In this assignment we will familiarize you with basic concepts of neural networks, word vectors, and their application to sentiment analysis.
##Setup
Note: Please be sure you have Python 2.7.x installed on your system. The following instructions should work on Mac or Linux.
Get the code: Download the starter code here and the complementary written problems here.
[Optional] virtual environment: Once you have unzipped the starter code, you might want to create a virtual environment for the project. If you choose not to use a virtual environment, it is up to you to make sure that all dependencies for the code are installed on your machine. To set up a virtual environment, run the following:
cd assignment1 sudo pip install virtualenv # This may already be installed virtualenv .env # Create a virtual environment source .env/bin/activate # Activate the virtual environment pip install -r requirements.txt # Install dependencies
Work on the assignment for a while ...
deactivate # Exit the virtual environment
Install requirements (without a virtual environment): To install the required packages locally without setting up a virtual environment, run the following:
cd assignment1 pip install -r requirements.txt # Install dependencies
Download data: Once you have the starter code, you will need to download the Stanford Sentiment Treebank dataset and pretrained GloVe vectors. Run the following from the assignment1 directory:
sh get_datasets.sh
Tasks
There will be four parts to this assignment.
Q1: Softmax
Q2: Neural Network Basics
Q3: word2vec
Q4: Sentiment Analysis
In this assignment you will learn the fundamentals of TensorFlow, use TensorFlow to implemented a feed-forward neural network for transition-based dependency parsing, and delve into backpropagation through time by computing the gradients for a recurrent neural network language model.
##Setup
Note: Please be sure you have Python 2.7.x installed on your system. The following instructions should work on Mac or Linux.
Get the code: Download the starter code here and the assignment handout here.
Python package requirements: The core requirements for this assignment are
tensorflow numpy
If you have a recent linux (Ubuntu 14.04 and later) install or Mac OS X, the default TensorFlow installation directions will work well for you. If not, we recommed that you work on the corn clusters. TensorFlow is already installed for the system default python on corn.
Assignment Overview (Tasks)
There will be three parts to this assignment.
Q1: Tensorflow Softmax
Q2: Neural Transition-Based Dependency Parsing
Q3: Recurrent Neural Networks: Language Modeling
In this assignment you will learn about named entity recognition and implement a baseline window-based model, as well as a recurrent neural network model. The assignment also covers gated recurrent units, applying them to simple 1D sequences and the named entity recognition.
##Setup
Note: Please be sure you have Python 2.7.x installed on your system. The following instructions should work on Mac or Linux.
Get the code: Download the starter code here and the assignment handout here.
Python package requirements: The core requirements for this assignment are
tensorflow numpy matplotlib
If you have a recent linux (Ubuntu 14.04 and later) install or Mac OS X, the default TensorFlow installation directions will work well for you.

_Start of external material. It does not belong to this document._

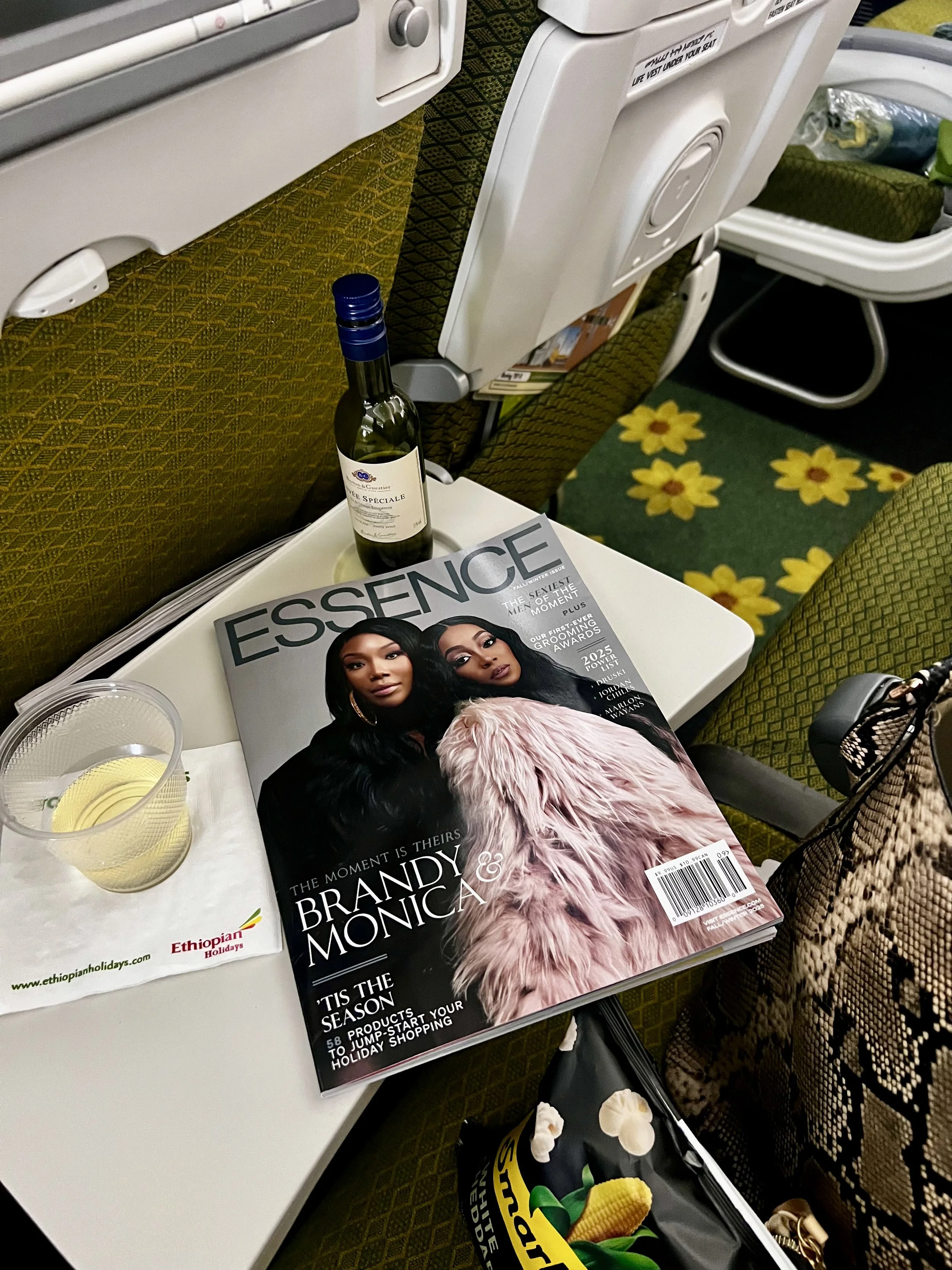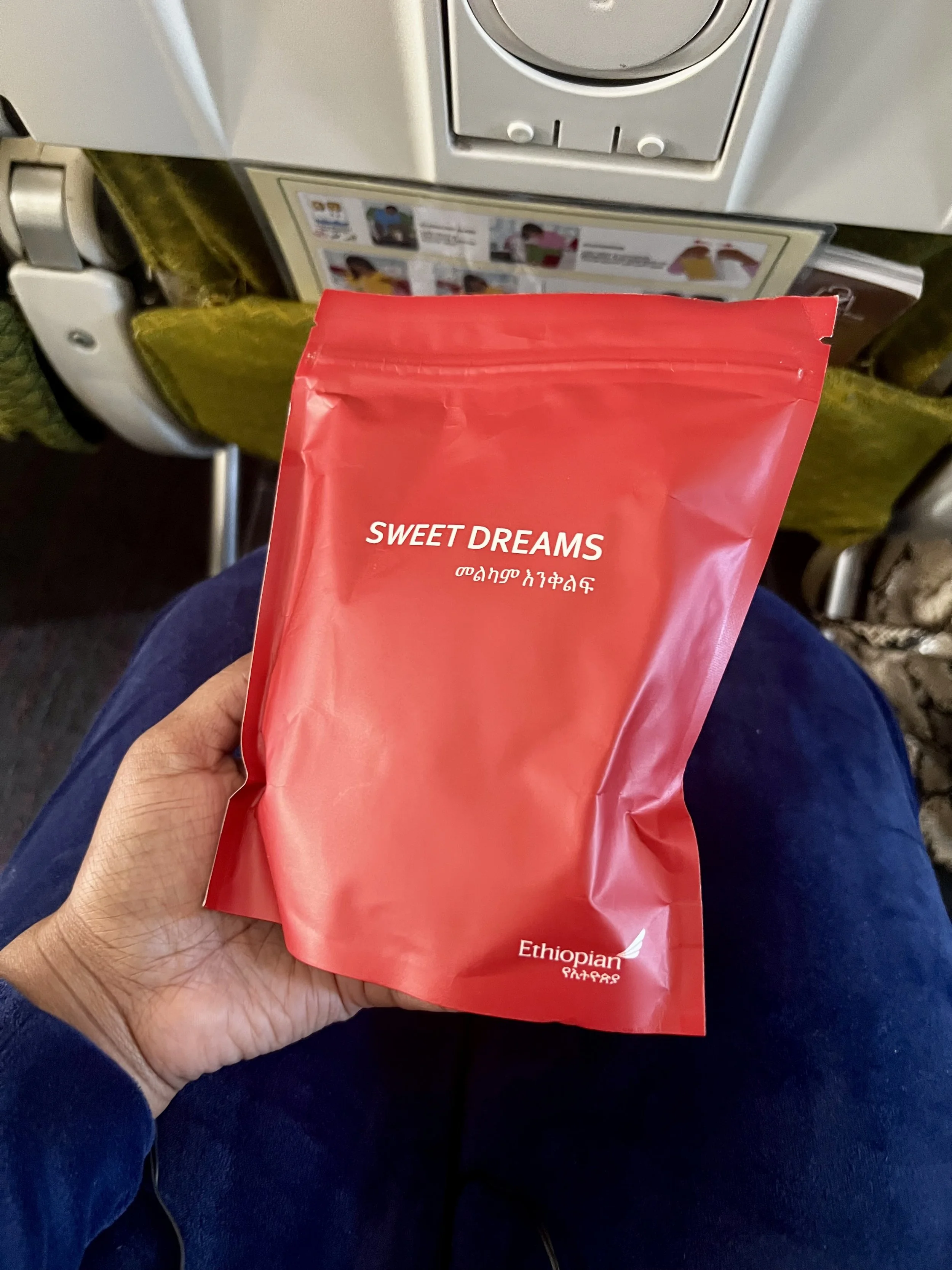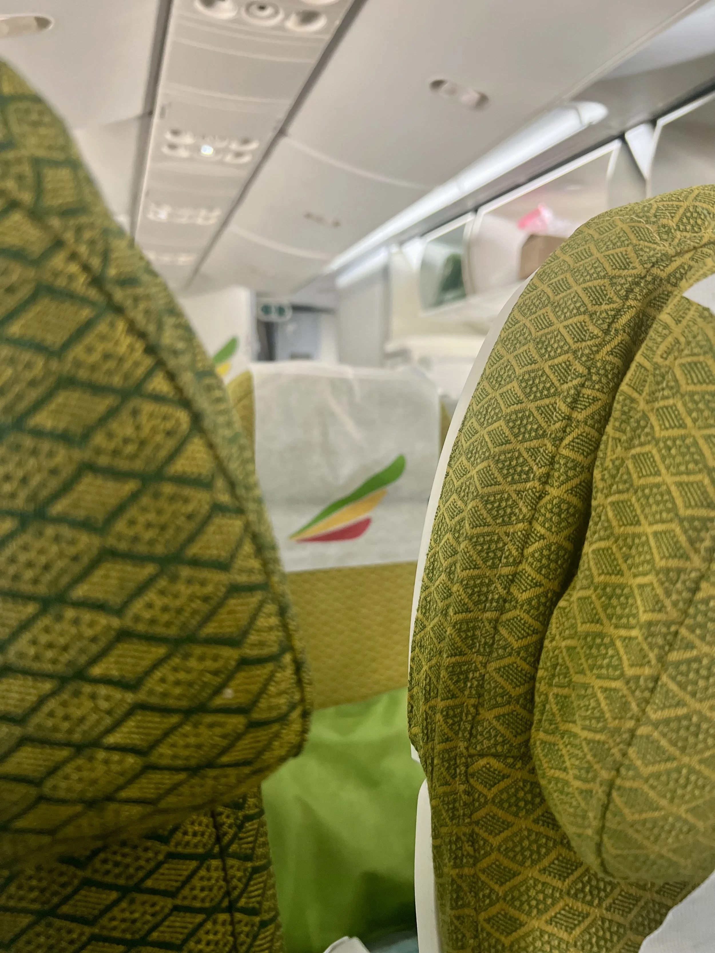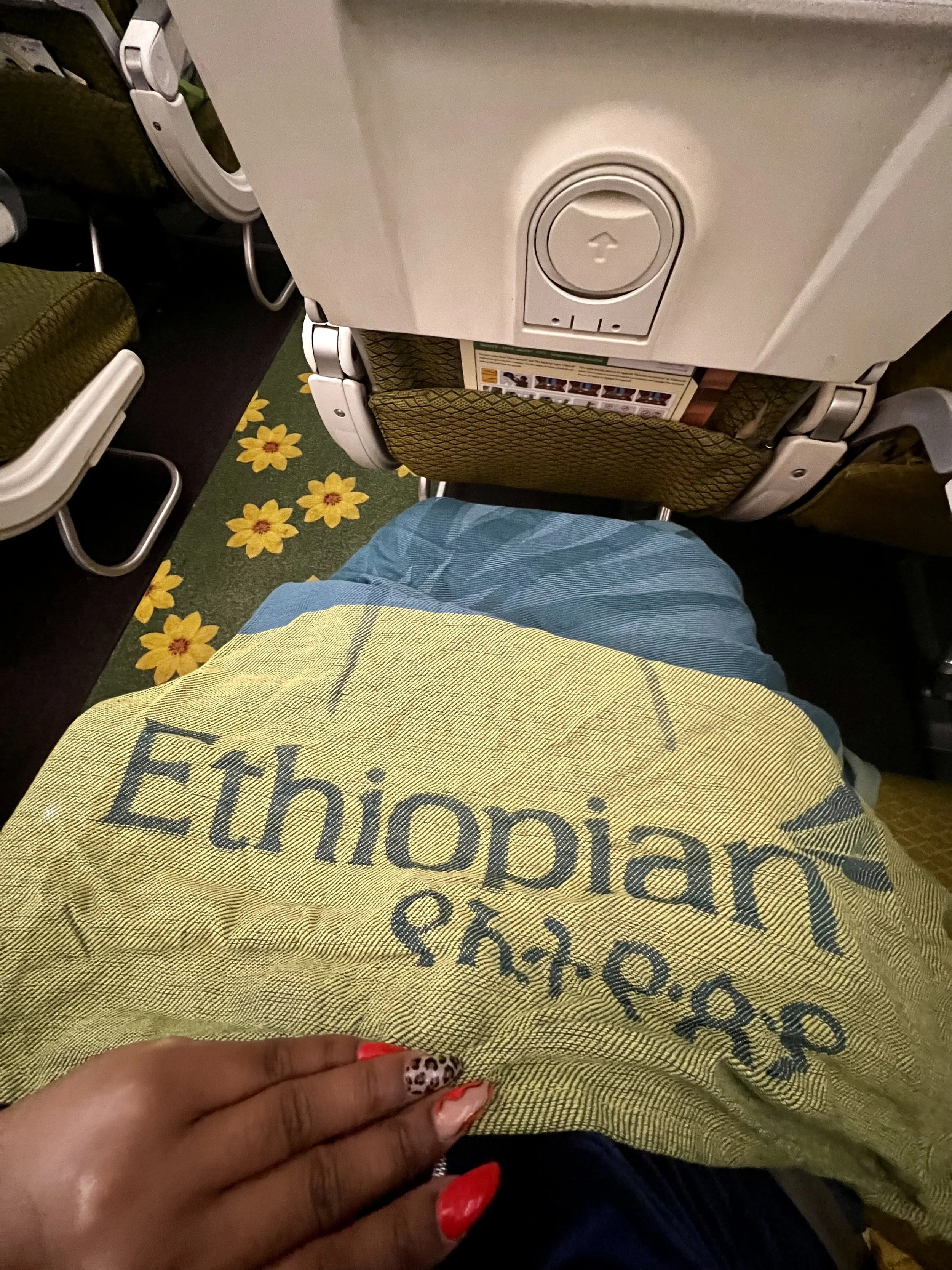 From the warm welcome to the personalized mini travel gift bag and blanket, you’re immersed in Ethiopian culture right away. What stood out most to me were the subtle design touches: the seat coverings and flooring feature floral symbols with deep meaning. The yellow Adey Abeba (Meskel flower) represents renewal, hope, and the Ethiopian New Year (Enkutatash), while the white Calla Lily, recognized as Ethiopia’s national flower - symbolizes peace, purity, and holiness.

If not, we recommed that you work on the corn clusters. TensorFlow is already installed for the system default python on corn.
We will also be providing access to GPU computing facilities on Microsoft Azure. Details on how to access these facilities will be uploaded soon.
Assignment Overview (Tasks)
There will be three parts to this assignment.
Q1: A window into NER
Q2: Recurrent neural nets for NER
Q3: Grooving with GRUs
Check out the Assignment 4 SQuAD leaderboard: http://cs224n-leaderboard.southcentralus.cloudapp.azure.com/
You are becoming a researcher in NLP with Deep Learning with this programming assignment! You will implement a neural network architecture for Reading Comprehension using the recently published Stanford Question Answering Dataset (SQuAD).
##Setup
Note: Please be sure you have Python 2.7.x installed on your system. The following instructions should work on Mac or Linux.
Get the code: Download the starter code here and the assignment handout here.
Python package requirements: The core requirements for this assignment are
tensorflow nltk tqdm joblib
If you have a recent linux (Ubuntu 14.04 and later) install or Mac OS X, the default TensorFlow installation directions will work well for you. If not, we recommed that you work on the corn clusters. TensorFlow is already installed for the system default python on corn.
We will also be providing access to GPU computing facilities on Microsoft Azure. Details on how to access these facilities will be uploaded soon.
Assignment Overview
Everything you need to start doing the assignment is detailed in the assignment handout. We are not setting explicit tasks for this assignment. We only provide starter code for general APIs, data preprocessing, and evaluation.